This series describes why it makes sense to move a PHP application to DB2, how to prepare for the migration, how to execute it, how to support it, and how to handle potential risks based on the authors' experience with a recent migration. Many code and configuration samples are provided, as well as pointers to resources to help the project run smoothly.
With examples and lessons learned from a successful real-life conversion, you will see that this can be a straightforward project that is well documented and offers compelling benefits.
This four-part series shares lessons learned from a successful MySQL to DB2 migration for a production-grade, mission-critical PHP intranet application used by 4,000 global users within IBM to support content production for ibm.com.
- Part 1 describes the steps taken to prepare for the migration.
- Part 2 describes the steps taken to migrate the database.
- Part 3 describes the steps taken to convert the PHP code.
- Part 4 describes the steps taken to deploy and support the application.
The goal of this article series is to provide you with an understanding of what is generally needed to migrate a PHP application from MySQL to DB2, what resources are available to help you, and how an IBM project team carried out the task in early 2010.
If you have investigated a migration from MySQL to DB2, you might have already seen the value DB2 offers based on product literature, performance benchmarks, features you have read about in the DB2 documentation, or comparisons in IBM Redbooks ® dedicated to the task, including the MySQL to DB2 Conversion Guide (see Resources ).
You might also know that DB2 Express-C is a free, fully functional relational data server that can be easily installed or evaluated using the IBM SmartCloud (formerly known as the Development and Test on the IBM Cloud) or Amazon EC2. Links to these offerings are available in the Resources section.
This article series provides you a concrete example of how a real world migration was executed successfully in 2010 for a heavily used PHP intranet application within IBM to support the day-to-day management of content that is published for many sections of the ibm.com web site.
After you finish reading this series, you will be able to make the case for a similar migration, understand the timing and dependencies of work items that need to be executed, anticipate potential risks, and know where to look for support each step of the way. All of this will give you more confidence to choose DB2 and make the best use of it for your PHP applications that are currently built on MySQL.
This article series intends to share the lessons learned from an internal IBM migration to DB2 from MySQL and provide you with information on the resources available to you to perform a similar undertaking. It is not a comprehensive guide to migration that is applicable to all scenarios.
To determine an approach that's right for you, refer to the MySQL to DB2 Conversion Guide or contact the Software Migration Project Office (SMPO) for a free migration estimate. Links are provided in the Resources section.
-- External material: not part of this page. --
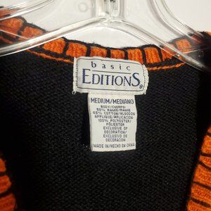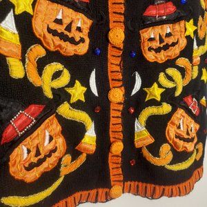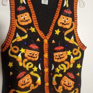 Vintage Basic Editions size medium knit cotton Halloween Vest. Vest features witchy pumpkins with some beading and embroidered embellishments. Lay flat measurements are 18" across the waist as well as the armpits, and 23" shoulder to waist.
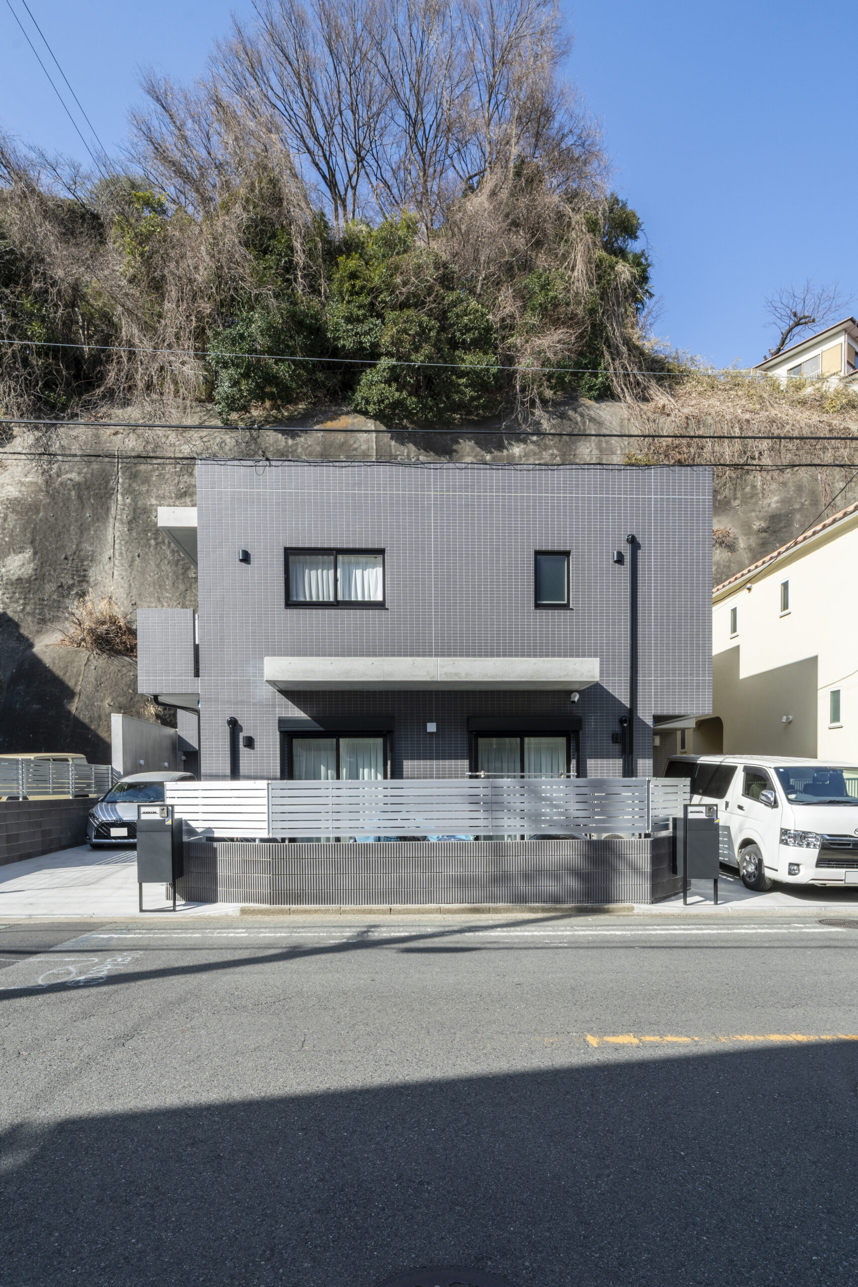 「高低差を、美しき躍動へ。横浜の丘にそびえる、RCコンクリートの二世帯住宅」

This article covers the five primary work efforts in the case study to carry out the migration of the PHP application code from using MySQL drivers and syntax to those that work with DB2. If needed, refer to Part 1 of the series to see the scheduling of these steps in the overall migration process before proceeding with the conversion.
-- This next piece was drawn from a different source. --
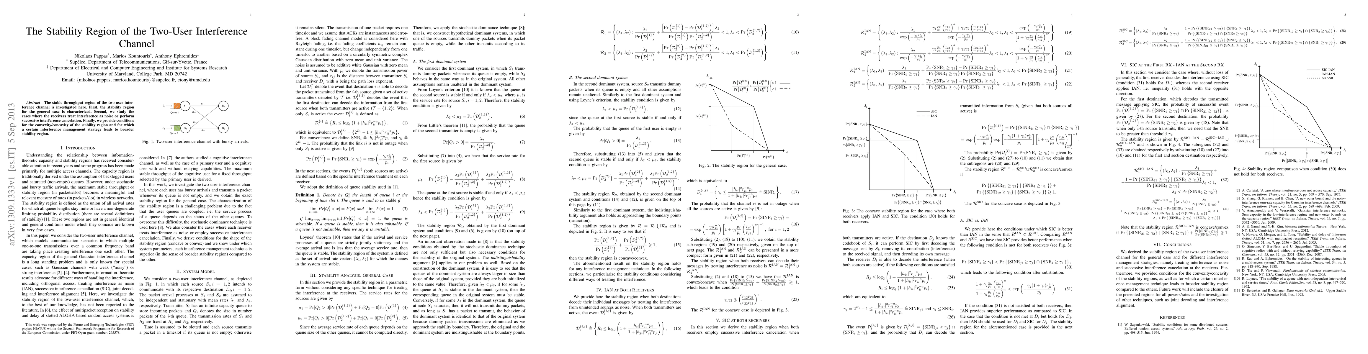 The stable throughput region of the two-user interference channel is investigated here. First, the stability region for the general case is characterized. Second, we study the cases where the receivers treat interference as noise or perform successive interference cancelation. Finally, we provide conditions for the convexity/concavity of the stability region and for which a certain interference management strategy leads to broader stability region.

- Step 1: Begin a first pass at the code migration
- Ensure that the PHP configuration is updated to support DB2
- Update the individual SQL statements to support DB2 syntax
- Emulate native MySQL functions using DB2 user-defined functions, if needed
- Move logic into PHP from SQL, if needed
- Step 2: Begin a second pass at the code migration
- Examine the changes needed to support the appropriate isolation levels
- Reorganize the queries into logical units of work to achieve better data integrity and improve performance
- Step 3: Begin initial business use case testing with stakeholders
- Engage stakeholders to execute use cases that they are accustomed to performing in the old system
- Capture test failures as defects to be analyzed and fixed by developers
- Step 4: Address bottlenecks and confirm against functional baseline
- Improve the performance of the system based on user feedback after functional verification
- Focus on what DB2 can fix for you automatically, because DB2 is the largest change you introduced
- Address PHP bottlenecks by looking at operating system resource usage
- Step 5: Evaluate the code migration baseline
- After iteratively completing each of the steps above, declare the code conversion complete
- Back up the system, and tag the milestone in your source control system
- Assess the level of preparation needed for the next task: application deployment
For the example application in this article, the source code for the Project Tracking Tool (PTT) consists of several hundred PHP files. The codebase contains function libraries, object-oriented code organized into data transfer objects and manager classes, and various HTML template fragments and helpers that render the user interface.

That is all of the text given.